Thank you Mike! extremely interesting, I'll do wooden hinges too, now I have seen the outcome, it's wonderful
-
I got an idea while writing - maybe someone else must have already thought of it: instead of gluing two halves, one makes a blind cut, so deep as just to reach the center of the hinge, and then glues a thin batten to close the cut


----------



## stefang (Apr 9, 2009)

stefang said:


> *Making a Wooden Hinge For Your Box - Tutorial*
> 
> While the rest of the world is going forward I seem to be going in the other direction, ie; wooden hinges. I bought a book from FWW back in 1998 showing router projects and techniques culled from past magazine articles.

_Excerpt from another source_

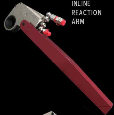
INLINE REACTION ARM
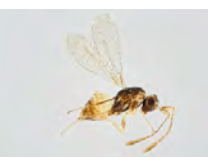
[adult] Myrmariidae BIN URI: BOLD:ACE0609

There was an article there by Rob Cosman.which included a method of making wooden hinges. This is the type of hinge in question shown on my box below.
> 
> ...


Thanks everyone for all those kind and positive comments. I really enjoyed doing this tutorial. I didn't know how I was going to round the hinge when I went out to the workshop yesterday, and then (luckily) came up with the hand drill jig. I know it's no big deal, but I got a lot of pleasure (and relief) finding a simple workable solution that everyone could use.

*PrairieFire* No educational degrees. I just take a lot of photos of the process in sequential order. Then I put them into the blog as I write a description of what is going on. It is true that one picture is worth a thousand words, but I seem to wind up with both the photos and the thousand words!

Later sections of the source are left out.